▸ Task to carry out:
Repeat only the lines below that run from the line with "Ebony chrome kitten" to the line with "Présentoire du même", ends included; skip every picture.
(Records for the exercise begins)
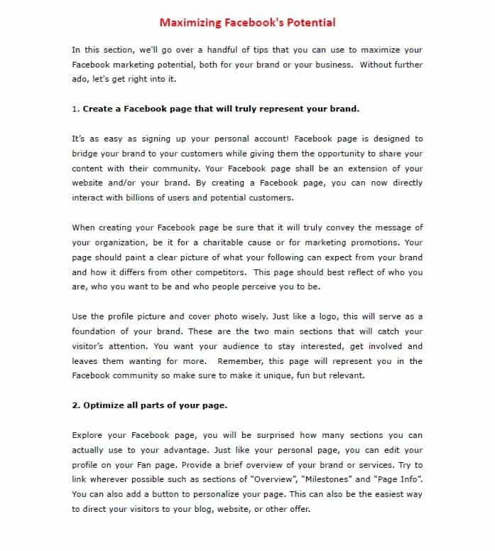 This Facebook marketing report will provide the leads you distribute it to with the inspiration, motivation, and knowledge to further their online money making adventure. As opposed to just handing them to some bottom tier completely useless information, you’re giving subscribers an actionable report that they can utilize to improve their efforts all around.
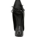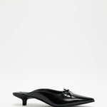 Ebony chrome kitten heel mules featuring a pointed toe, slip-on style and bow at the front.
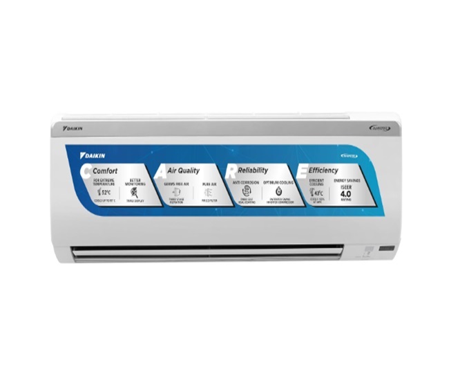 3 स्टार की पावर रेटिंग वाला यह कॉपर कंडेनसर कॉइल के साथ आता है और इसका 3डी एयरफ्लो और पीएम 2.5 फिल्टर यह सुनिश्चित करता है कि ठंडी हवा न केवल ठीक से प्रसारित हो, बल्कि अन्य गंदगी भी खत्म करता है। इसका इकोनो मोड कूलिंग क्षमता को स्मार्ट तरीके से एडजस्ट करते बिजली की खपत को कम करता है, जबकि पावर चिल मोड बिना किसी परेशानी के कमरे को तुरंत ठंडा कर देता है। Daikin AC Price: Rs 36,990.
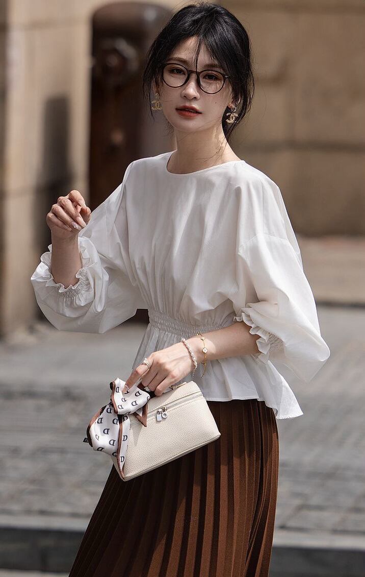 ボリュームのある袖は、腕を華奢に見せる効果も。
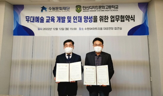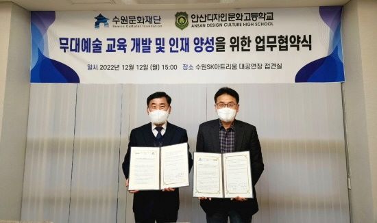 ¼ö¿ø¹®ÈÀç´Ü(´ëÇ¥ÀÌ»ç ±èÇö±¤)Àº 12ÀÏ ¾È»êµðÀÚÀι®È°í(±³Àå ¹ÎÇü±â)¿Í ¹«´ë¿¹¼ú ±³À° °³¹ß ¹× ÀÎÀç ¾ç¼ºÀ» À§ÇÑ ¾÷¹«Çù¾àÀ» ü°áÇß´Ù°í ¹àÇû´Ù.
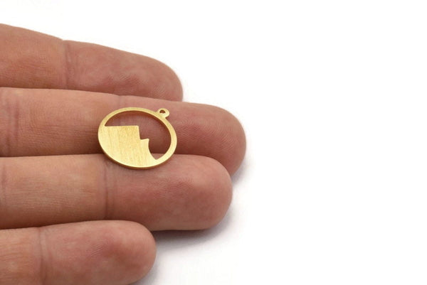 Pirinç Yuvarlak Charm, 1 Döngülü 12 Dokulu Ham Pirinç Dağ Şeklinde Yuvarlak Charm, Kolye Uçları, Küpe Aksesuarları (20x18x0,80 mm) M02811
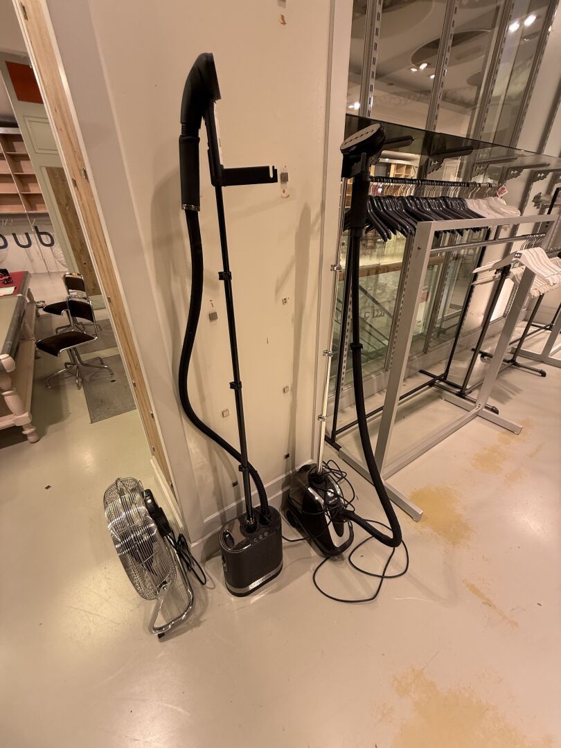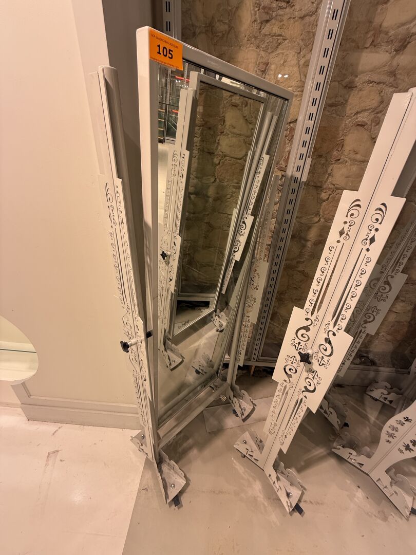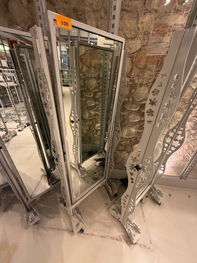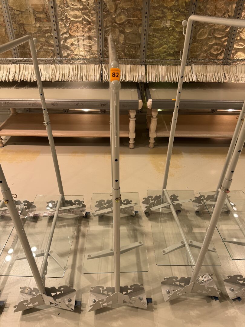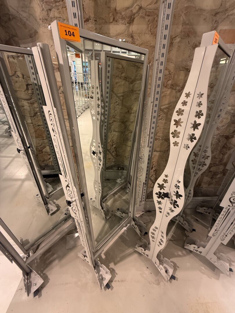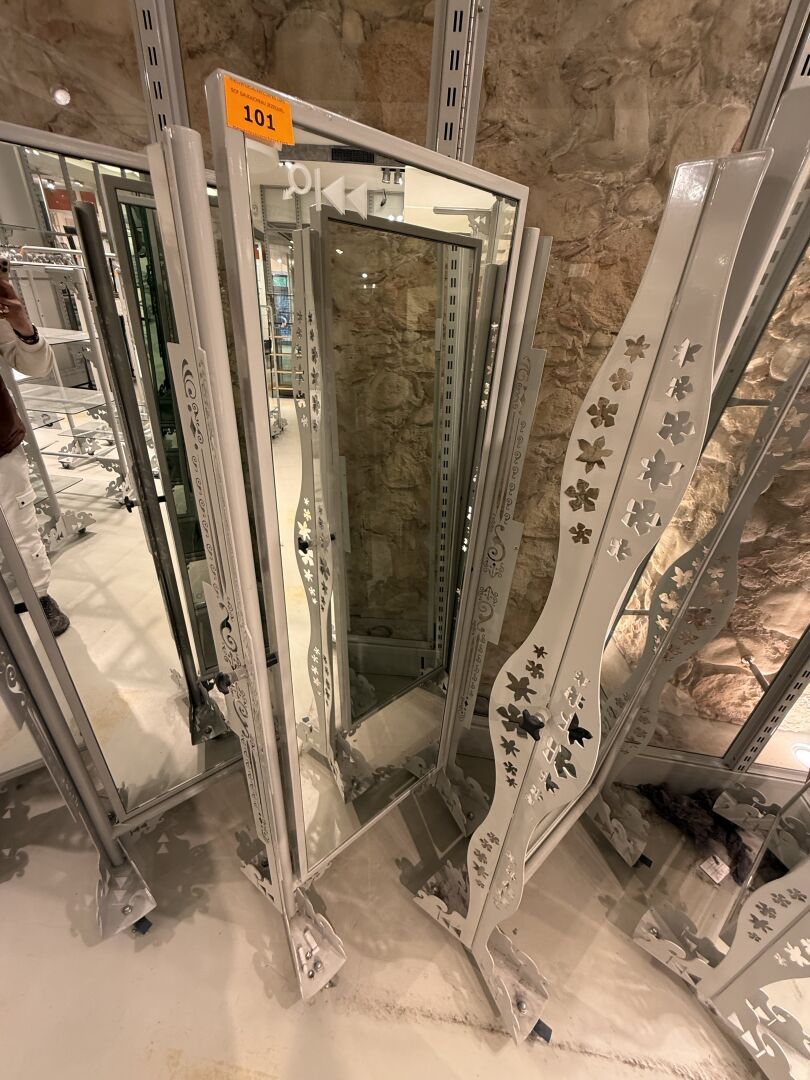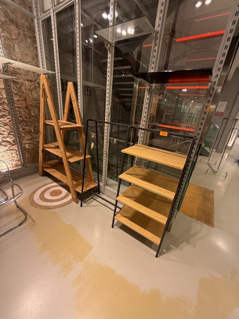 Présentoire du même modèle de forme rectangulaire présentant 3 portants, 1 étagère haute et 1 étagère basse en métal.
(Records for the exercise ends)
(Records for the exercise begins)
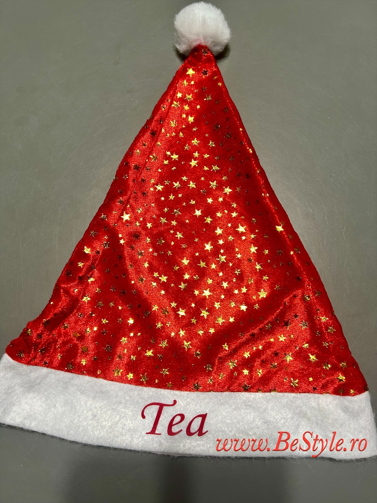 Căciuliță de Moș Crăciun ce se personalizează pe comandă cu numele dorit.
(Records for the exercise ends)
▸ Written response:
 Ebony chrome kitten heel mules featuring a pointed toe, slip-on style and bow at the front.
 3 स्टार की पावर रेटिंग वाला यह कॉपर कंडेनसर कॉइल के साथ आता है और इसका 3डी एयरफ्लो और पीएम 2.5 फिल्टर यह सुनिश्चित करता है कि ठंडी हवा न केवल ठीक से प्रसारित हो, बल्कि अन्य गंदगी भी खत्म करता है। इसका इकोनो मोड कूलिंग क्षमता को स्मार्ट तरीके से एडजस्ट करते बिजली की खपत को कम करता है, जबकि पावर चिल मोड बिना किसी परेशानी के कमरे को तुरंत ठंडा कर देता है। Daikin AC Price: Rs 36,990.
 ボリュームのある袖は、腕を華奢に見せる効果も。
 ¼ö¿ø¹®ÈÀç´Ü(´ëÇ¥ÀÌ»ç ±èÇö±¤)Àº 12ÀÏ ¾È»êµðÀÚÀι®È°í(±³Àå ¹ÎÇü±â)¿Í ¹«´ë¿¹¼ú ±³À° °³¹ß ¹× ÀÎÀç ¾ç¼ºÀ» À§ÇÑ ¾÷¹«Çù¾àÀ» ü°áÇß´Ù°í ¹àÇû´Ù.
 Pirinç Yuvarlak Charm, 1 Döngülü 12 Dokulu Ham Pirinç Dağ Şeklinde Yuvarlak Charm, Kolye Uçları, Küpe Aksesuarları (20x18x0,80 mm) M02811
 Présentoire du même modèle de forme rectangulaire présentant 3 portants, 1 étagère haute et 1 étagère basse en métal.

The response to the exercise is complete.